Disclaimer: This list is purely for illustrative purposes and is not a recommendation to invest in any particular company. The actual companies, ratios, and dates will vary. Investors should always consult with a qualified financial advisor and conduct thorough due diligence before making investment decisions.
Benefits of Bonus Shares
For shareholders, bonus shares offer several advantages:
- Increased Holding: Shareholders get more shares without any additional investment.
- Potential for Future Gains: While the share price adjusts downwards initially, the increased number of shares can lead to higher absolute gains if the company performs well.
- Psychological Impact: A lower per-share price can make the stock appear more attractive to a broader investor base.

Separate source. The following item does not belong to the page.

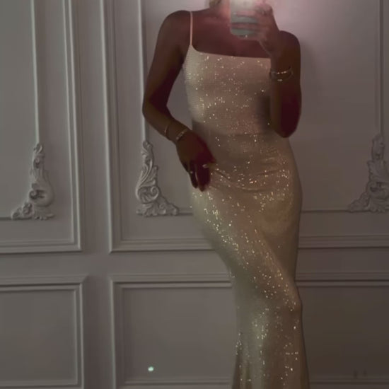 Vestito Sharon è l'abito lungo perfetto per le tue serate speciali. Con le sue paillettes scintillanti e le bretelle sottili regolabili, ti farà risplendere e sentire a tuo agio

Risks Associated with Bonus Shares
While generally seen as positive, bonus issues also carry certain considerations:
- No Immediate Wealth Creation: A bonus issue does not create immediate wealth; it merely increases the number of shares. The total value of holdings remains the same immediately after the issue.
- Dilution of Earnings Per Share (EPS): With more shares outstanding, the EPS tends to decrease, which might impact valuation metrics.
- Company Performance is Key: The long-term benefit depends entirely on the company's underlying business performance and future prospects. A bonus issue by a struggling company might not lead to significant gains.
- Market Volatility: The stock price can still be affected by overall market sentiment and company-specific news, irrespective of the bonus issue.
Frequently Asked Questions (FAQ)
Q1: Are bonus shares taxable?
Bonus shares received by shareholders are generally not taxable at the time of receipt. However, when you sell these bonus shares, the capital gains tax will be applicable on the profit made. The cost of acquisition for calculating capital gains is considered to be zero for bonus shares issued before April 1, 2018. For bonus shares issued on or after April 1, 2018, the cost of acquisition of the original shares is considered as the cost of acquisition for the bonus shares as well.
Q2: What is the difference between a bonus issue and a stock split?
Both bonus issues and stock splits increase the number of shares and reduce the per-share price. However, a bonus issue is typically funded from the company's reserves, while a stock split involves reducing the face value of the shares. A bonus issue is often seen as a reward, whereas a stock split is primarily done to improve liquidity and affordability.
Q3: How can I find out which companies are issuing bonus shares?
You can track announcements on the websites of stock exchanges (like NSE and BSE), financial news portals, and company websites. Companies are required to make these announcements public.
Q4: What happens if I sell my shares before the record date?
If you sell your shares before the ex-bonus date (which is typically one trading day before the record date), you will not be entitled to the bonus shares. The bonus shares will be credited to the account of the person who holds the shares on the record date.
Q5: Can a company issue bonus shares if it has losses?
Generally, companies issue bonus shares out of their free reserves or profits. It is uncommon for a company with significant losses to announce a bonus issue, as it would typically require substantial accumulated profits or reserves to do so legally and ethically.
This information is for educational purposes only and does not constitute financial advice. Investment in securities is subject to market risks. Please read all related documents carefully before investing.